DATA PROVIDED:
━━━━━━━━

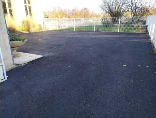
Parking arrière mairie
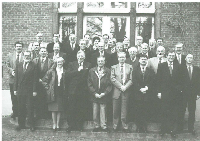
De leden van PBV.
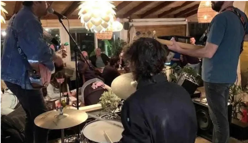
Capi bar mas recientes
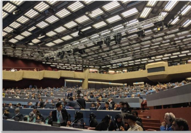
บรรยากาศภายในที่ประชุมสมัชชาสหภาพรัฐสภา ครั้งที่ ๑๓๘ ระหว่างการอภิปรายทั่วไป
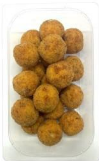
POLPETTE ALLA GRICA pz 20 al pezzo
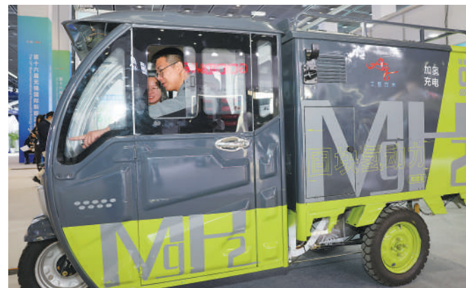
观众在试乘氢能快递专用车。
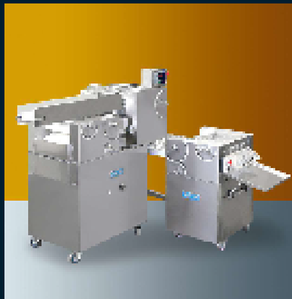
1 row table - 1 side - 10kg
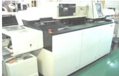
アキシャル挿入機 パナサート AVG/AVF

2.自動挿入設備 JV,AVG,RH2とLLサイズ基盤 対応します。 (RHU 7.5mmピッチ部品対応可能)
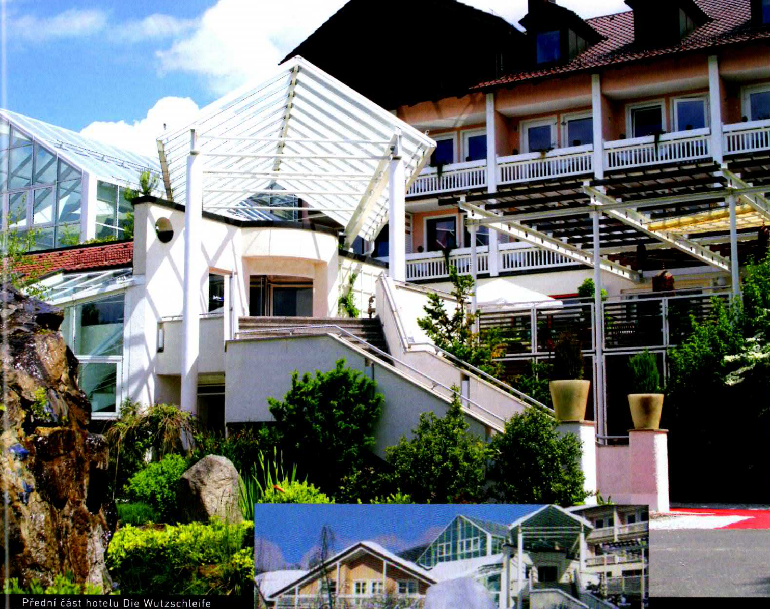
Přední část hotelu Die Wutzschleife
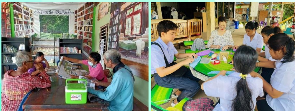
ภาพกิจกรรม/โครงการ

━━━━━━━━

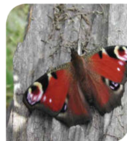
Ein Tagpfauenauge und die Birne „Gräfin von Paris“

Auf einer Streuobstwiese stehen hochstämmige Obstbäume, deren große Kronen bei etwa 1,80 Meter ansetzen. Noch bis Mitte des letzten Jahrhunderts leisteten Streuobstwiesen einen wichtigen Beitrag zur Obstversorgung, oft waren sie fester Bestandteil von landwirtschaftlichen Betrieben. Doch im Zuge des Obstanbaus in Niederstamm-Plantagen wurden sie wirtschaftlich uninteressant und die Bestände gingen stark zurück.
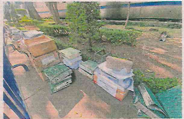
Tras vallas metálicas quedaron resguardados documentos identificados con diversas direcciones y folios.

━━━━━━━━

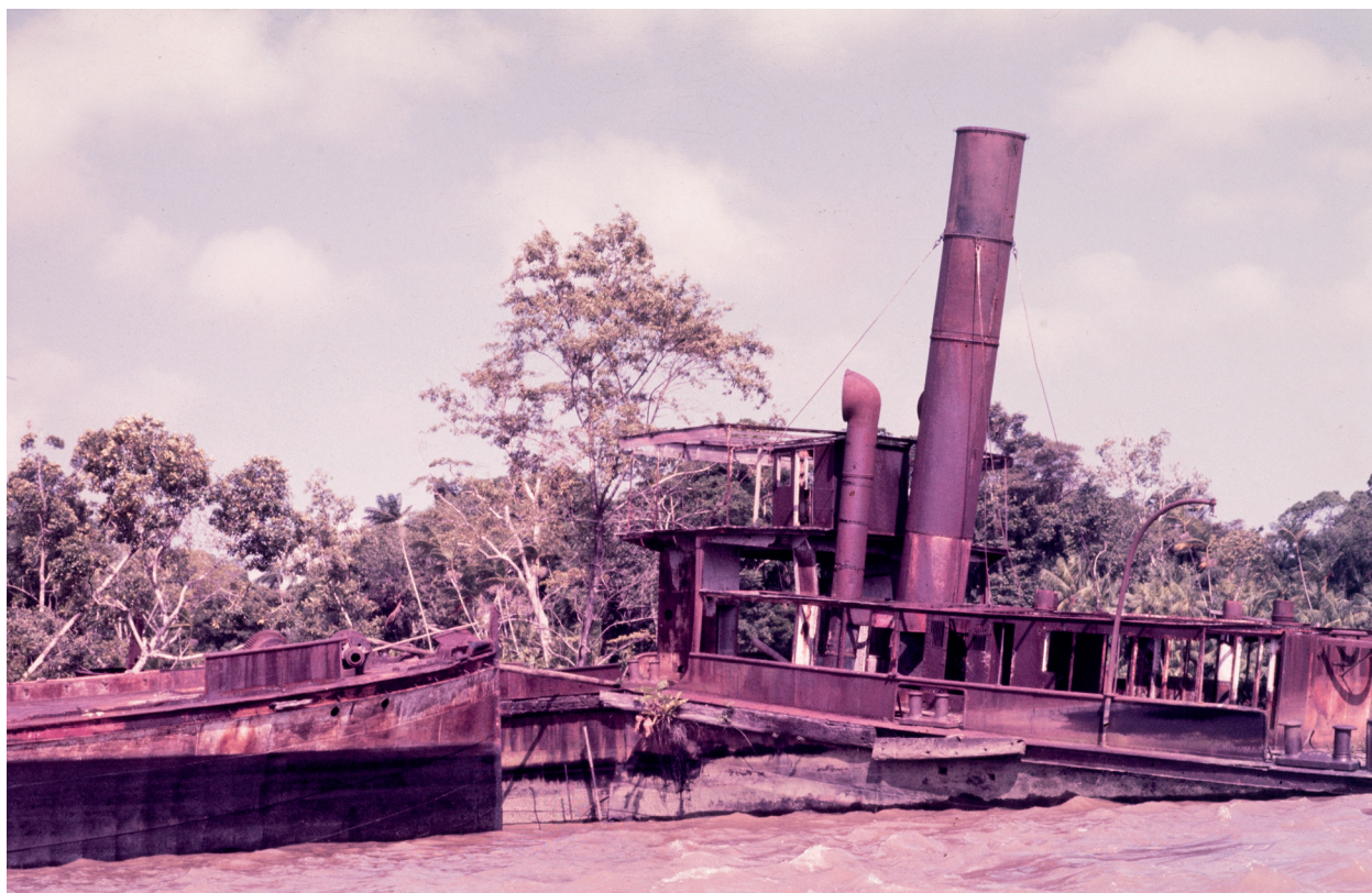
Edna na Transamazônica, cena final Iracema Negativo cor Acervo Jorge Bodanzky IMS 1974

━━━━━━━━

PROBLEM: Only the lines starting at the one with "アキシャル挿入機 パナサート AVG/AVF" and ending at the one with "ภาพกิจกรรม/โครงการ" should be printed, each exactly as it appears in the material above; the pictures are to be omitted.

WRITTEN RESPONSE:
アキシャル挿入機 パナサート AVG/AVF

2.自動挿入設備 JV,AVG,RH2とLLサイズ基盤 対応します。 (RHU 7.5mmピッチ部品対応可能)
Přední část hotelu Die Wutzschleife
ภาพกิจกรรม/โครงการ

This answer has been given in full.